On her daily healthy habits, a yoga master spills

On her daily healthy habits, a yoga master spills
Advertisement

We chatted with the founder of the renowned Conquering Lion Yoga and a passionate, unapologetic and frank Yoga master, Kelly Morris. In all its beautiful honesty, she opens up about her daily habits here.
Version One
I don’t sleep. I lay awake counting yogis jumping over the fence, staring up a hypothetical moon, wondering why I can’t sleep, as a yoga and meditation teacher. About that, something seems wrong. I wonder how many yoga teachers are insomniacs undercover. Also many are secretly eating a BBQ, probably.
In some pre-dawn hell, I get up and immediately reach for one of my iPads along with iPhone now. I check Twitter, FB and Instagram. They’d shake their heads in disappointment if anyone saw me. I feel some relief after I make a small Instagram video ranting/raving about high heels, feminism, traffic, death, yoga and post it. To the kitchen, I make my way and try to cook something yogic.
The rest of the day is spent making up melodies for my upcoming album with King Britt called The Sanskrit Sessions, mentoring my Conquering Lion trainees, writing for my gal Maranda Pleasant’s coup d’etat of a magazine, reviewing the beautiful applications coming in for Conquering Lion Fall Term, feeling PMS arriving like a runway train bent on derailing any and all goodness in me, making the requisite green juices and fighting with whatever man is unfortunate enough to be dating me that day. All in all, the day is unacceptable for a teacher of supposed spirituality but is normal by conventional standards. I end the day feeling like a fake, a fraud, an imposter.

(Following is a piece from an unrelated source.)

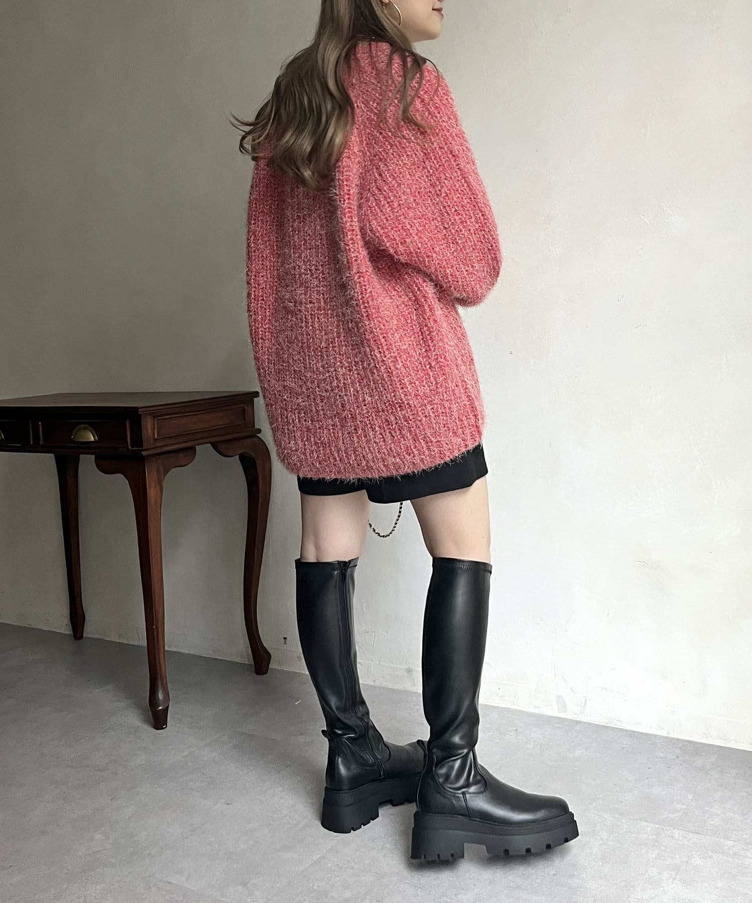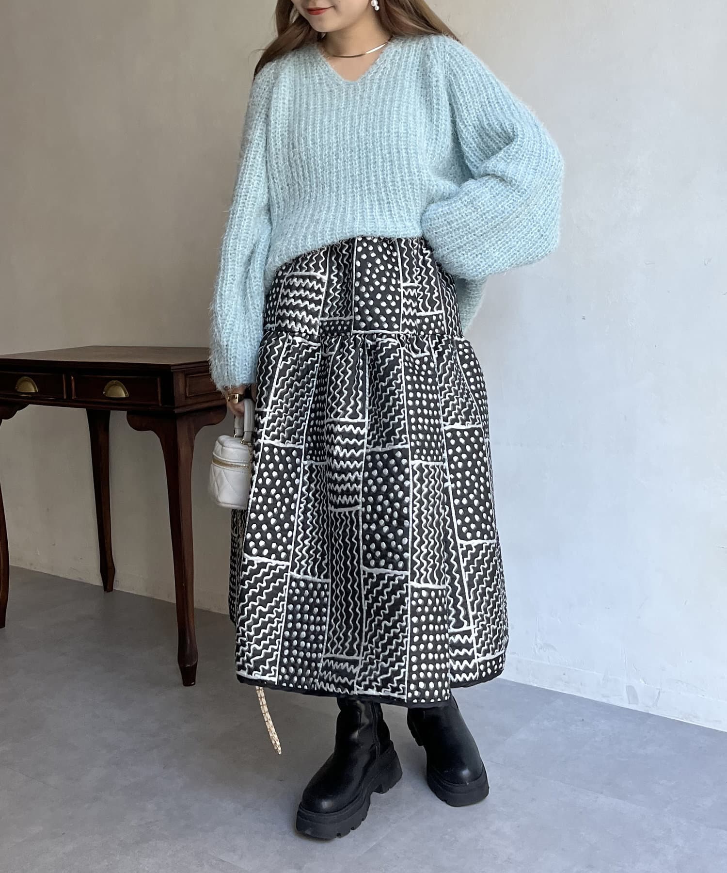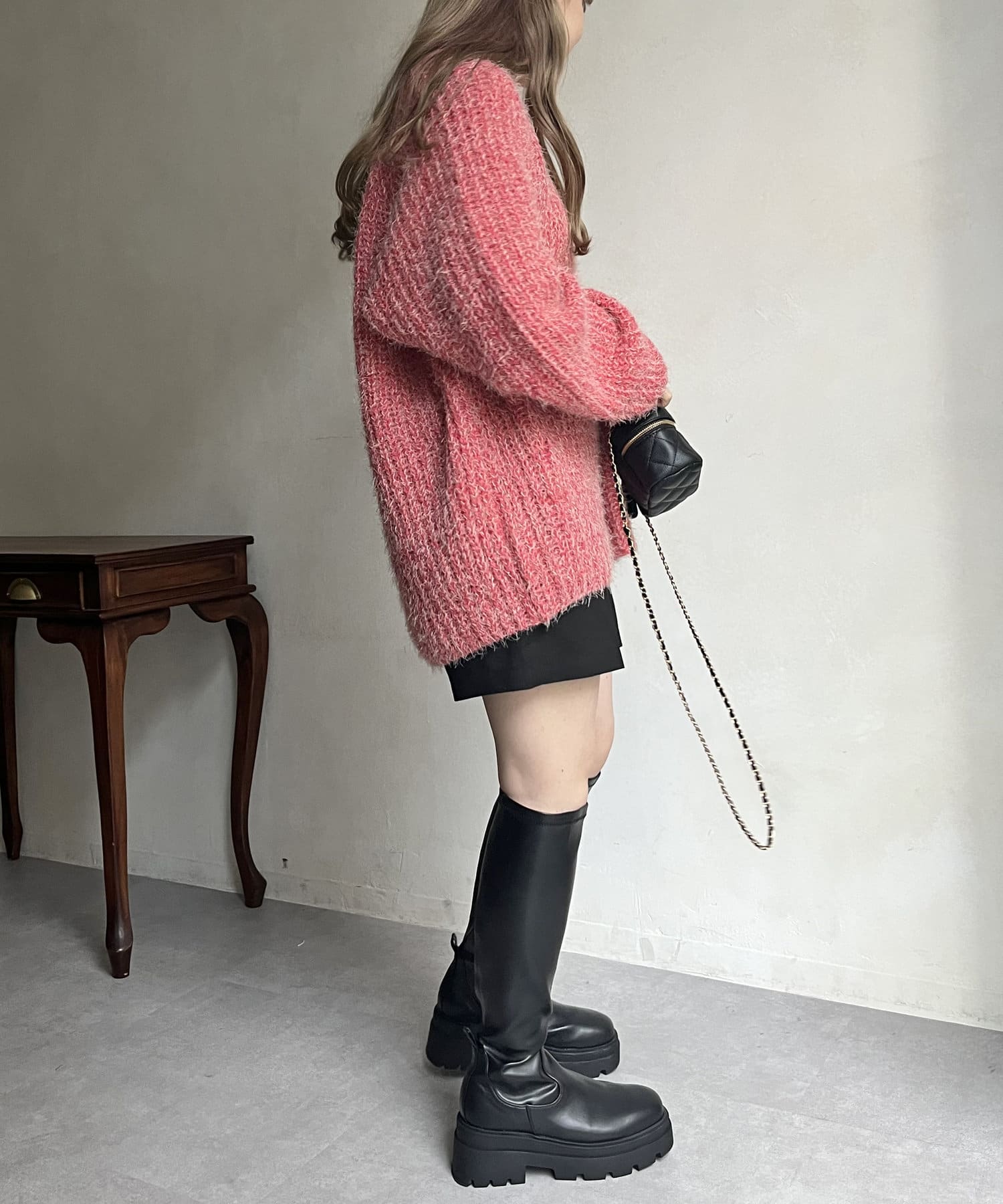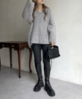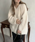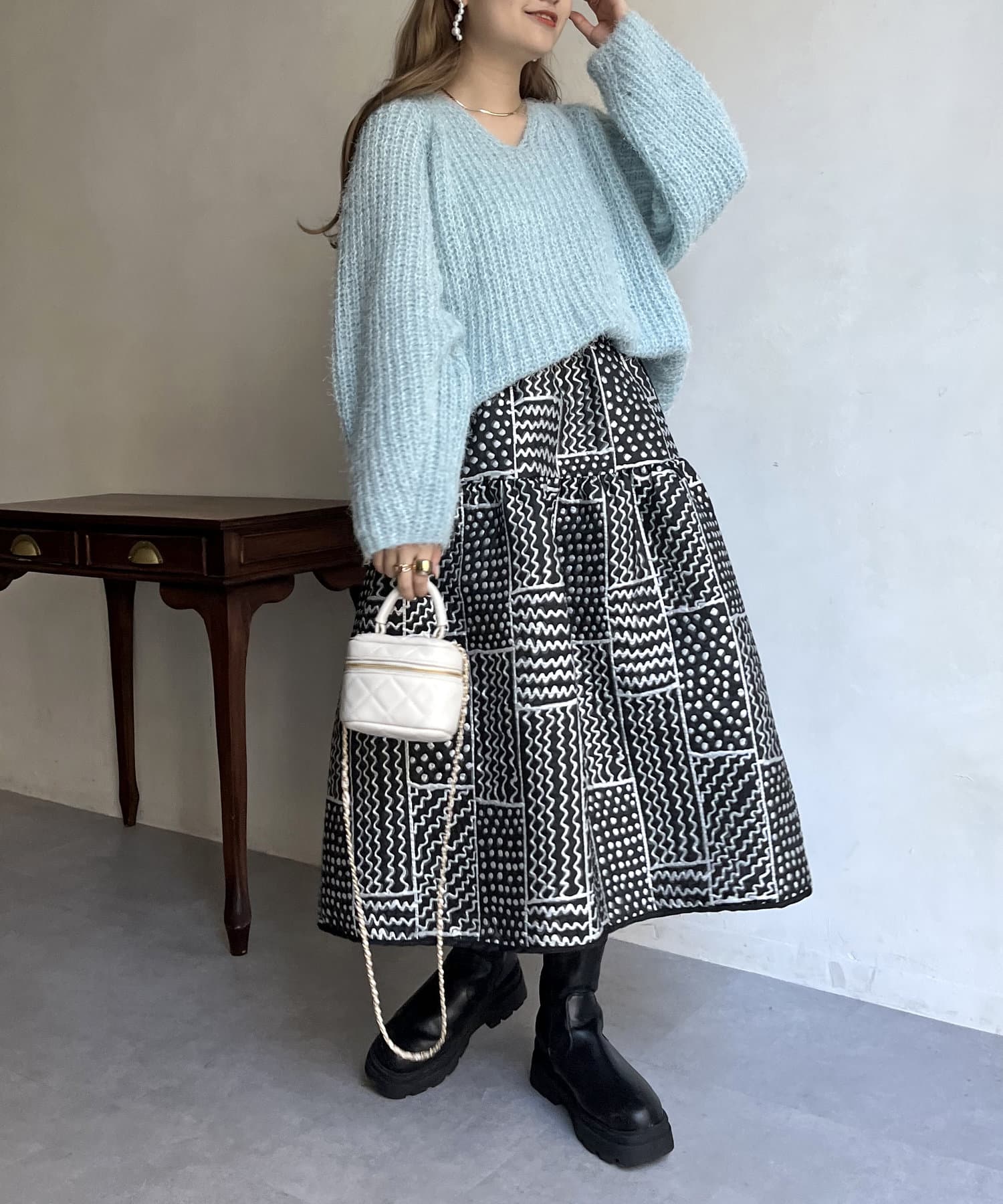 Vネック×フェザーで優しい大人な印象に見せてくれるニット

There are little things I like doing most these days: singing, dancing, writing, laughing.
Version Two
At 11, I go to bed. From the awesome people at Modern Herbalist, I take my new sleep aid. With the world by the ovaries, I sleep like a queen. Without a clock, I wake up and sit to meditate immediately, doing the both breath meditation of my teacher Sharon Salzburg and special shamanic meditations given by the shaman I have been for 2.5 years apprenticing with.
After connecting the sacredness that is my holy body, the sun, the Earth, and all of my protectors from the various lineages I he been blessed enough to enter, I feel fantastic. I cry a lot and connect past the BS I cobble together to cope with this world, this life, this time.
Than for most men, this moment is usually far more sickening and painful as a woman since we’re the ones getting shafted for the most part. On the days I meditate, there’s no yelling at bewildered staff, no fighting, no endless searching for someone, no bird-flipping in the Hamptons traffic that for my white girl suffering is something to convict.
The rest of the day is the same as before but with love ruling my interactions, my mind, my life. On these days, there is dancing, singing, talking, laughing, sharing and peace everywhere I look and bad days seem fit only for the dogs, a faded memory.
As a day to forgive myself for the inevitable failings each day reveals itself, on any given day the wretched smallness that can dominate me. The other day in yoga class I realized, as I sat there mulling over some ancient feud, worrying about my cellulite, spazzing out over some perceived slight, that I was being the shocking and exact opposite of ‘love’.
It made me cry and brought me up short, as we begin to access and source our identity in something greater than our little, struggling, paltry selves, as yoga class so often does. I give it all, all of the small crosses I bear, all the grief, all of the suffering, to Earth herself, the great Mother, the breathing, living, as She spins her love-dance around the Sun, holding us close to Her. And as She has always done and will always for her children, human, plant or animal, she pulls it from me, She takes it and mulches it into love, beauty and light.

On her daily healthy habits, a yoga master spills

On her daily healthy habits, a yoga master spills

Leave a Comment

You must be logged in to post a comment.